So this morning I woke up feeling like I had consumed a deep-fried small child during the night. I tried to convince myself that it was all psychological, that I hadn't magically gained a bunch of weight between the time I went to bed and the time I woke up. It's all in your mind, I told myself. And to prove the point, I did something really, REALLY stupid.

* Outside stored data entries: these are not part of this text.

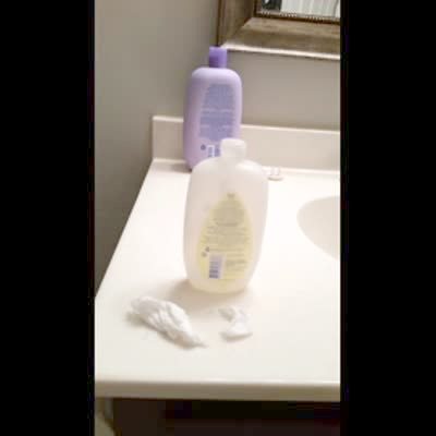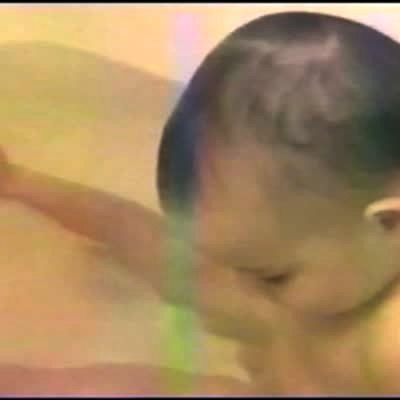 Baby in bath tub farts, creating a small bubble from its butt. Bathroom.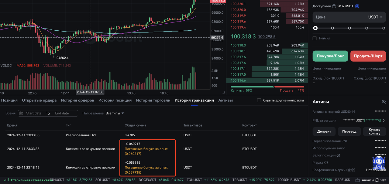 После закрытия позиции пользователям рекомендуется проверить такие детали, как торговые сборы и сборы за финансирование, в разделе «История транзакций», чтобы узнать, как были использованы пробные средства.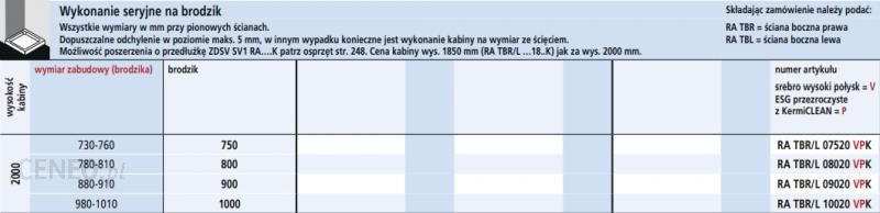 KERMI RAYA – satysfakcja w doskonaej formie. Wygodne wejcie do wyjtkowo komfortowej kabiny. Model Raya prezentuje si zgrabnie i niezwykle atrakcyjnie. Przejrzysta i wykorzystujca proste linie konstrukcja, oparta na gadkich profilach. Wyposaona w praktyczne drzwi wahadowe oraz perfekcyjny mechanizm windowy stanowi idealny model do montau. Ekskluzywne wzornictwo za niewygrowan cen.RA TBR/L- cianka boczna ruchomaDo montau z RA 1KR/L drzwi wahadowe 1-skrzydowe / RA 1NR/L drzwi wahadowe 1-skrzydowe z polem staym.Czciowo obramowana ciana boczna jednoskrzydowa z uchwytem RAYA (wewntrz), zamontowana bez progu otwierana do rodka i na zewntrz; zamontowana z progiem otwierana jest jedynie do rodka.ciana boczna odchyla si do rodka, co znaczenie uatwia czyszczenie i wentylacj kabinyProfile wykonane s z eloksalowanego aluminium, uchwyty i zawiasy z najwyszej jakoci metalu.10 mm zakresu regulacji na profilu przyciennym i 20 mm na zawiasie6 mm szko hartowane z powok uatwiajc czyszczenie KermiCleanNajwyszej jakoci eloksalowane profile aluminiowe w kolorze srebro wysoki poysk.Listwa magnetyczna i profile uszczelniajce na caej wysokoci drzwi oraz pozioma uszczelkaWysoko seryjna 2000 mmMoliwo wykonania kabiny w kolorach.Kolory doskonale potrafi podkreli atmosfer. azienki. Dziki kolorom sanitarnym z palety Kermi mona dopasowa kolorystycznie kabin do wystroju azienki lub nawet grzejnika dekoracyjnego Kermi. Edycja Natura to wiee wyraziste kolory. Paleta Ethno to ciepe i soczyste kolory ziemi. Edycja Soft prezentuje kolory szlachetne i matowe. Stylizowane barwy z edycji Metalic s pene klasycznego blasku. Poza tym istniej moliwo wybranie kolory z klasycznej palety RAL.Model dostpny take w wykonaniu na wymiar oraz wyboru koloru szka lub profili . Cena i dostpno na zapytanie.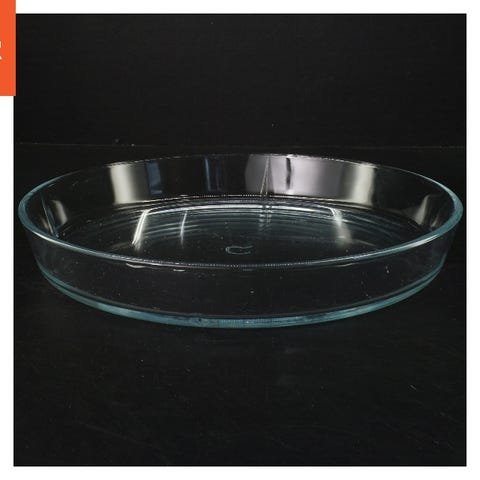 Dette er en rund sandkageform med en diameter på 33 cm. Den er fremstillet af metal og har en sort finish. Formens indvendige overflade er flad med let slid, men strukturen er stadig intakt.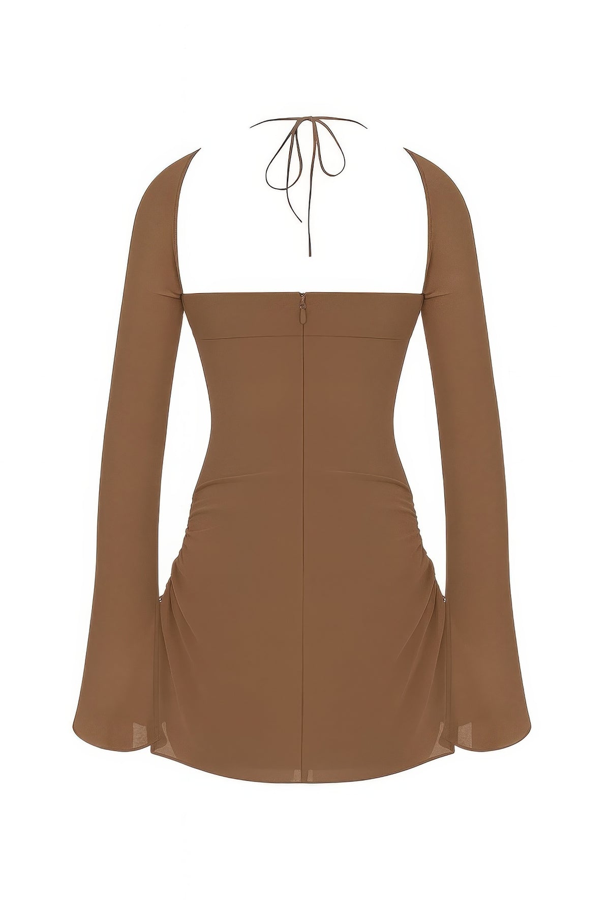 Sleek and sultry, this peek hole mini dress is designed to make an unforgettable impression. Featuring a halter neckline and long sleeves with flared ends, it exudes sophistication with a daring twist. The side peek holes and side slits add just the right amount of allure, while the non-stretch fabric maintains a structured, flattering silhouette. Perfect for evening events or a night out, this dress combines elegance and bold confidence in one stunning piece.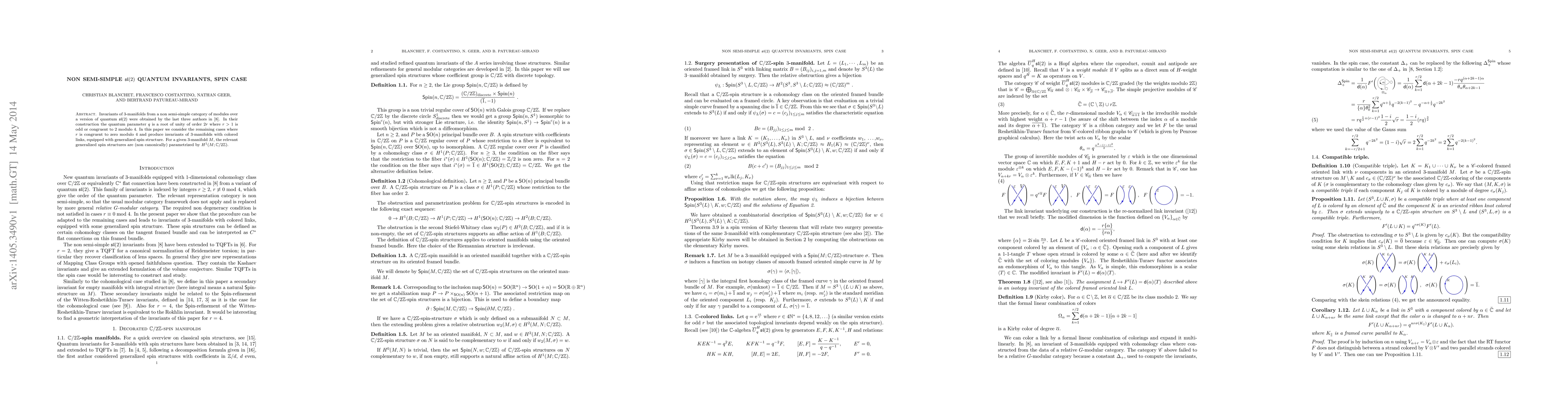 Invariants of 3-manifolds from a non semi-simple category of modules over a version of quantum sl(2) were obtained by the last three authors in [arXiv:1404.7289]. In their construction the quantum parameter $q$ is a root of unity of order $2r$ where $r>1$ is odd or congruent to $2$ modulo $4$. In this paper we consider the remaining cases where $r$ is congruent to zero modulo $4$ and produce invariants of $3$-manifolds with colored links, equipped with generalized spin structure. For a given $3$-manifold $M$, the relevant generalized spin structures are (non canonically) parametrized by $H^1(M;\mathbb C/2\mathbb Z)$.

I tried on my skinny jeans.
I've heard that people who have had traumatic experiences sometimes repress them, because some memories are just too horrific for the human mind to accept. I have vague, disturbing recollections of The Incident in the Bedroom, which I'd rather not discuss, but I'm pretty sure I set a record for going through the stages of grief. First, denial, as I stuffed myself into what were once very comfortable jeans, determined to button them against all odds. Next, anger. I mean, what the hell?!? I just exercised 2 days in a row. Where's my immediate gratification??? I'm not so sure I bargained with God, as much as cursed Him and His Divine and Delicious fish frys. Then, of course, depression, as I scowled in the mirror, and contemplated whether other women my age (who have also never been pregnant) have stretch marks across their ass like me. I don't think I officially hit acceptance, but I did finally give up at one point, and threw on my sweat pants. I think that's as close to acceptance as I'm going to get today.